Among the entries that follow, locate the line with "Pullover style. Round" and the line with "وأتم الحضري: في". Output those lines and all lines in between, exactly, minus the pictures.

[[ Recorded data open ]]

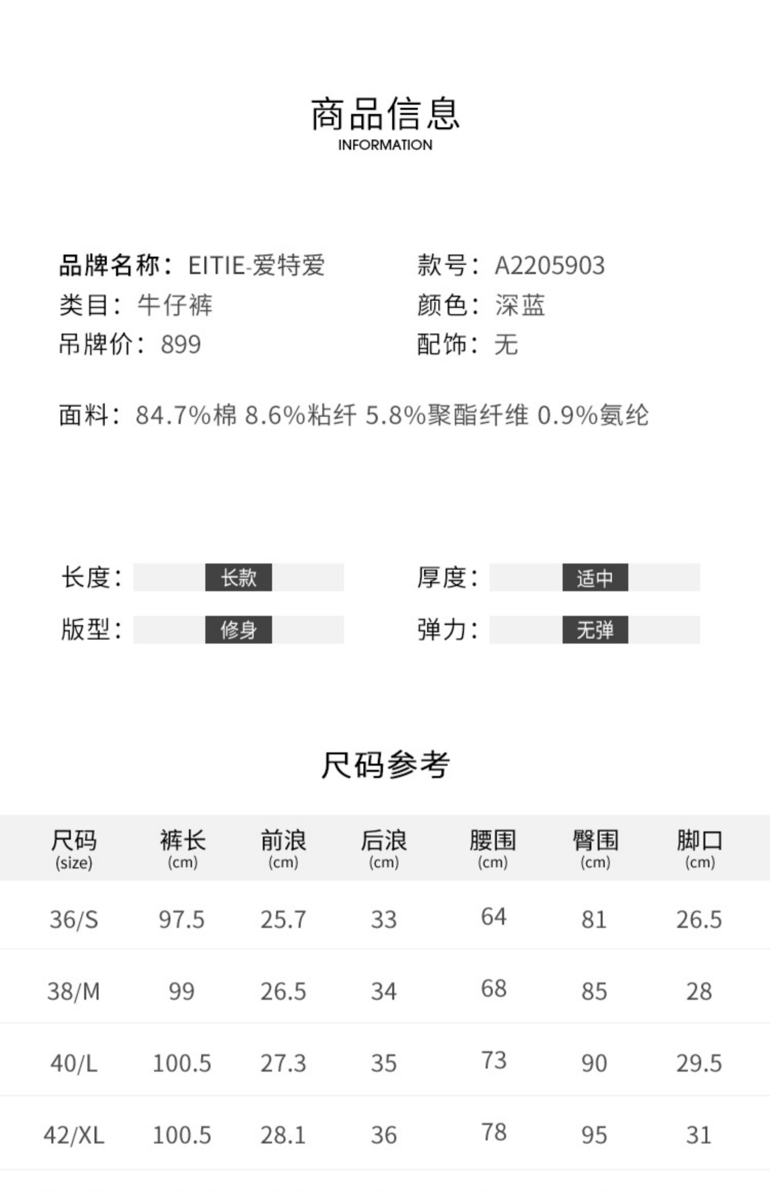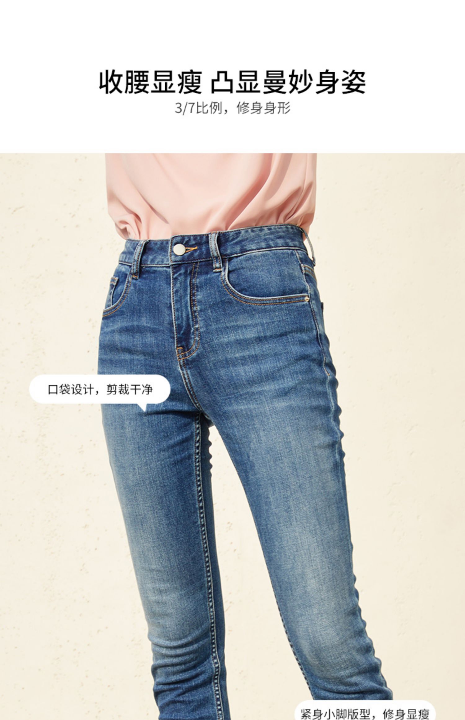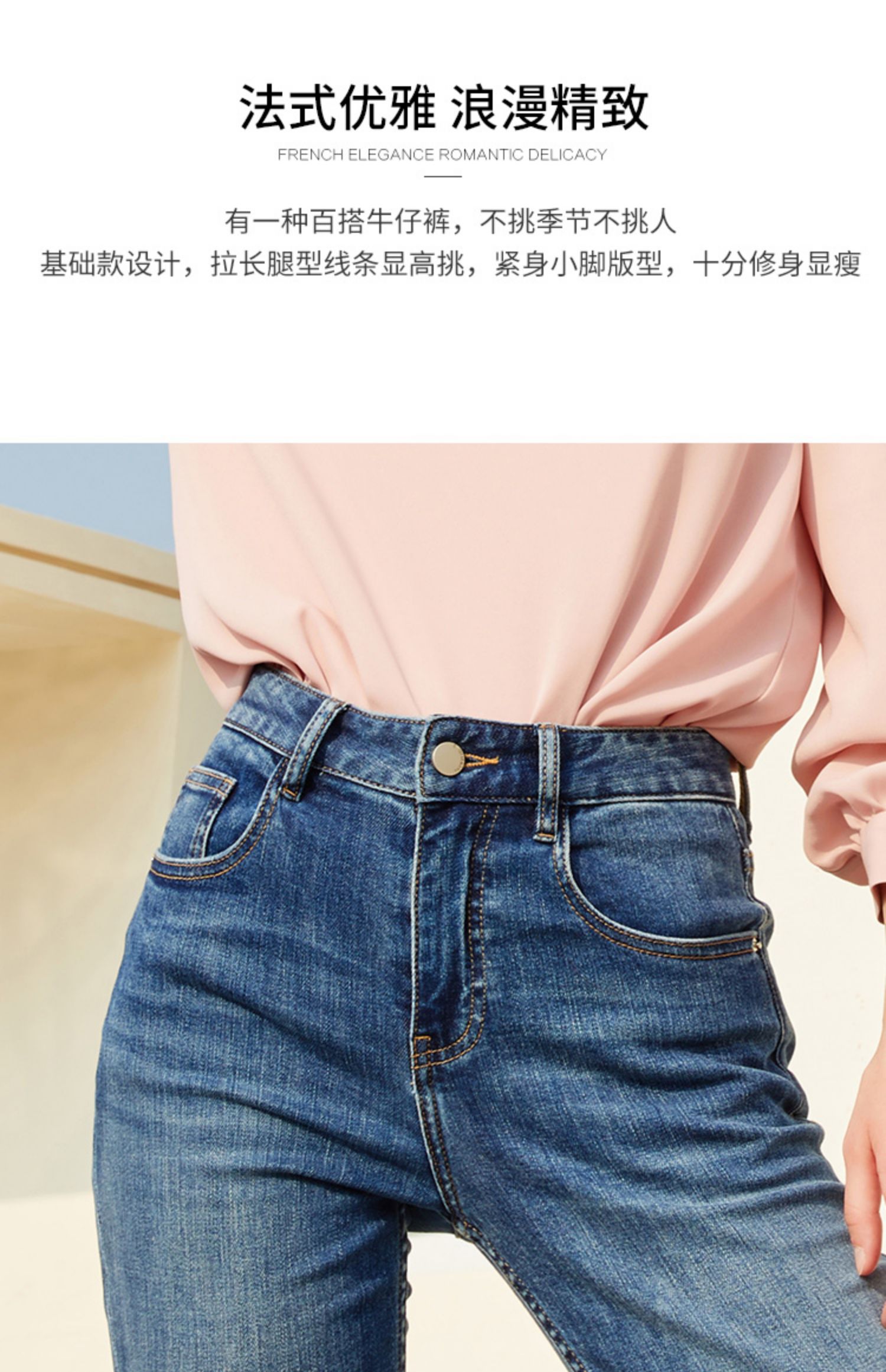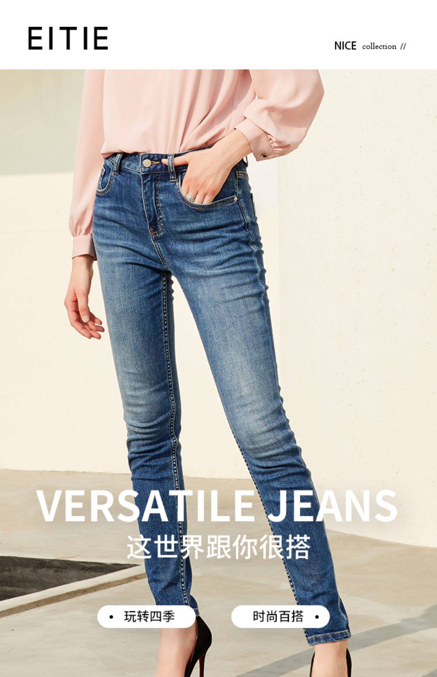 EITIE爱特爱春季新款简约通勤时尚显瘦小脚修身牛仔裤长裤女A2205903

[[ Recorded data closed ]]
[[ Recorded data open ]]

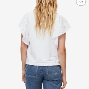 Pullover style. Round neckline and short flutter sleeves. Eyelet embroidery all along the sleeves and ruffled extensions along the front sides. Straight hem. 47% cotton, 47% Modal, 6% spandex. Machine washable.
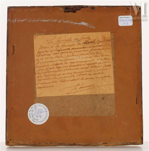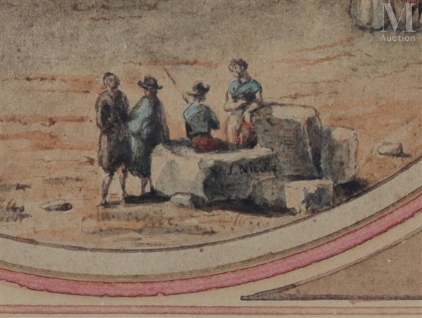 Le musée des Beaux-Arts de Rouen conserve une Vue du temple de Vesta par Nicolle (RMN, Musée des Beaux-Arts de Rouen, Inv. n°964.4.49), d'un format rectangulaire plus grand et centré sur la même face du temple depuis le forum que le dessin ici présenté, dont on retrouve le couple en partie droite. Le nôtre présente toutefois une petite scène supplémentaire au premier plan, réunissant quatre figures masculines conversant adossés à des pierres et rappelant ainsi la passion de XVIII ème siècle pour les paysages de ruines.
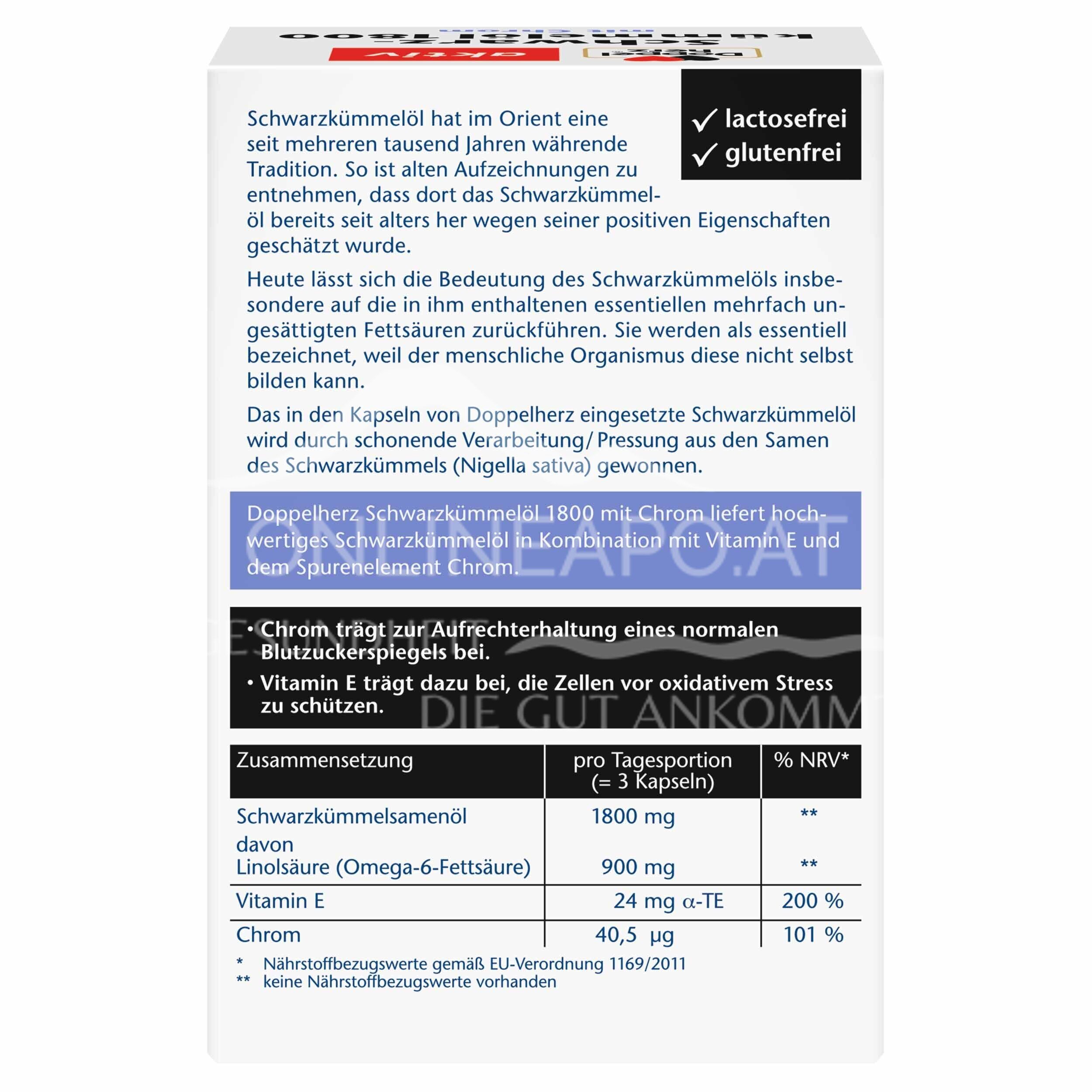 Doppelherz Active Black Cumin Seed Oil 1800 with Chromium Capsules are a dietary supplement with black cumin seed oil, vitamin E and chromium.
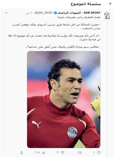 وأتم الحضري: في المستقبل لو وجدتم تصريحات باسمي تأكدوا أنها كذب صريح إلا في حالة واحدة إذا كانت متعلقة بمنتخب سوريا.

[[ Recorded data closed ]]

▸ **Exercise output**:
 Pullover style. Round neckline and short flutter sleeves. Eyelet embroidery all along the sleeves and ruffled extensions along the front sides. Straight hem. 47% cotton, 47% Modal, 6% spandex. Machine washable.
 Le musée des Beaux-Arts de Rouen conserve une Vue du temple de Vesta par Nicolle (RMN, Musée des Beaux-Arts de Rouen, Inv. n°964.4.49), d'un format rectangulaire plus grand et centré sur la même face du temple depuis le forum que le dessin ici présenté, dont on retrouve le couple en partie droite. Le nôtre présente toutefois une petite scène supplémentaire au premier plan, réunissant quatre figures masculines conversant adossés à des pierres et rappelant ainsi la passion de XVIII ème siècle pour les paysages de ruines.
 Doppelherz Active Black Cumin Seed Oil 1800 with Chromium Capsules are a dietary supplement with black cumin seed oil, vitamin E and chromium.
 وأتم الحضري: في المستقبل لو وجدتم تصريحات باسمي تأكدوا أنها كذب صريح إلا في حالة واحدة إذا كانت متعلقة بمنتخب سوريا.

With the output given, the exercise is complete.